Thanks. That's exactly how I feel, but I do know that some people feel strongly about saddle breaking horses when they are older. Her knees are fused. I'd never do anything to her or push her if it would hurt her. 
A little update- we got home from state fair last night. Won grand champ in halter AND western pleasure.


----------



## Spyder (Jul 27, 2008)

thejessiefox said:


> They would contradict each other if I rode her daily for four hours. I ride her daily for about a half hour to 45 minutes.



NO MATTER what age your horse is this is too long to be on a horse PERIOD and to compound the stress with a horse of this age is totally irresponsible.


----------



## GraciesMom (Jun 17, 2010)

I don't get it. 30-45 minutes is too long to be on ANY horse? That is what you wrote : *NO MATTER what age your horse is this is too long to be on a horse PERIOD.*


----------



## Sunny (Mar 26, 2010)

She knows her horse better than we do. There are plenty of two-year-olds started under saddle that end up without problems. While I do agree that riding her every day for 45 minutes is too long for a growing baby, it's her horse and, therefore, her choice. I'm glad that you had her knees checked by a vet, that was responsible; however, it's the spine that you have to worry about. It takes the longest to fuse. This is why you don't want to stay on for too long, as it puts much pressure on a weak spine. I'd ride for shorter periods of time, but again, it's your horse. I plan on starting Sunny this fall or next spring, and she'll be 2.5+, but I will keep the "rides" very limited until she's 3. Anyway, good luck with your filly. 
_Posted via Mobile Device_


----------



## Spyder (Jul 27, 2008)

GraciesMom said:


> I don't get it. 30-45 minutes is too long to be on ANY horse? That is what you wrote : *NO MATTER what age your horse is this is too long to be on a horse PERIOD.*



Sorry my error I thought I read 1 and a half hours.

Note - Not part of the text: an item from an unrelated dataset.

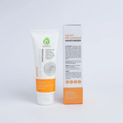 | Description: | AGROSAF Oil Control Moisturizer is specially crafted for oily and combination skin types. This non-greasy, fast-absorbing formula controls excess oil while providing the right amount of hydration. Designed for daily use, it helps you maintain a fresh, matte look all day without clogging pores. Key Features: Balances oil production Hydrates without heaviness Helps reduce shine on the face Supports a clear, even skin tone How to Use: Cleanse your face thoroughly Take a small amount of the moisturizer Apply evenly on face and neck Use twice daily for best results Safety Tips: For external use only Avoid direct contact with eyes Store in a cool, dry place Do a patch test if you have sensitive skin Alternatives Products: Mamaearth Vitamin C Oil-Free Moisturizer Pond's Super Light Gel Oil Free Moisturiser VENUSIA Dr. Reddy's Acne Control Moisturizer |

On that point no 30-45 minutes is fine for a horse well along in its training. On a 2 year old daily this riding is too much however I know many western people seem to have no problem with it.

I am not against riding a two year old as my own boy was broke 2 months before he reached that age but we sat and did only the basics lasting no more than 15 minutes once a week.

I now have a very very sound 18 year old that never ever broke down and is one of the soundest horses I have ever owned or been in contact with.

As far as knowing the OP and their horse...poppycock. This has nothing to do with KNOWING any horse..it simply is not the prudent and responsible thing to do.


----------